Adults of H. hippocrepis may attain a total length, including tail, of 1.5 to 1.8 m (5 to 6 feet), with no
sexual dimorphism in body size. Its body is slender the head being wider than the neck. The eye is large, with a round pupil and a row of small scales below it. The smooth dorsal scales are arranged in 25-29 rows, and the ventrals number 220–258. Dorsally, it has a series of large spots which are either blackish or dark brown edged with black.

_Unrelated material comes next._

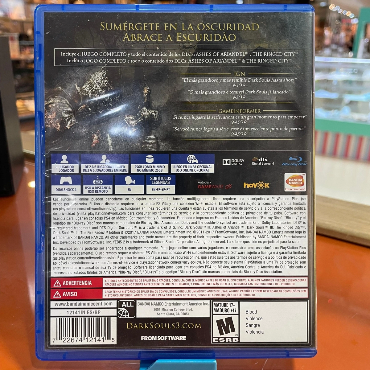 Dark Souls III es un videojuego de rol de acción desarrollado por FromSoftware y publicado por Bandai Namco Entertainment para PlayStation 4, Xbox One y Microsoft Windows. Es la tercera entrega en la saga Souls, ? Dark Souls III fue lanzado en Japón en marzo de 2016, y de manera mundial en abril del mismo año.? Wikipedia

There is a series of alternating smaller dark spots on each side. The lighter ground color between the spots may be yellowish, olive, or reddish. The dark spots are closely spaced, giving the appearance of a dark snake with a light pattern resembling a chain or a series of letters X. There is a light horseshoe-shaped mark on the neck and back of head.

==Geographic range==
H. hippocrepis is found in Algeria, Morocco and Tunisia in North Africa, in southern and central Portugal, southern, eastern and central Spain, Gibraltar, southern Sardinia and Pantelleria Island in Europe. Since the early 2000s it has been reported in the Balearic Islands of Mallorca, Ibiza and Formentera. It is hypothesized to have been introduced by way of imported olive trees from mainland Spain. The species is thriving there and can grow larger than on the mainland.

==Habitat==
The natural habitats of H. hippocrepis are Mediterranean-type shrubby vegetation, rocky areas, rocky shores, sandy shores, arable land, pastureland, plantations, rural gardens, and urban areas.

==Reproduction==
H. hippocrepis is oviparous. Its reproductive cycle is seasonal, with oviposition occurring in early summer and hatching in late summer. Most sexually mature females reproduce once per year. The cycle is relatively fast, with a complete cycle including vitellogenesis, ovulation, shelling, and oviposition lasting approximately two months. A 1999 study found the mean clutch size to be 6.8 eggs and a positive correlation between fertility and female body size.

==Subspecies==
Two subspecies are recognized as being valid, including the nominotypical subspecies.
- Hemorrhois hippocrepis hippocrepis (Linnaeus, 1758)
- Hemorrhois hippocrepis nigrescens (Cattaneo, 1985) Pantelleria

Nota bene: A trinomial authority in parentheses indicates that the subspecies was originally described in a genus other than Hemorrhois.

==Conservation status==
The horseshoe whip snake is assessed as being of "Least Concern" by the International Union for Conservation of Nature in its Red List of Threatened Species. Its population trend is thought to be steady, and it is able to adapt to modified habitats. Threats it faces include being run over by traffic, poisoned by agricultural chemicals and being captured for use by local snake charmers.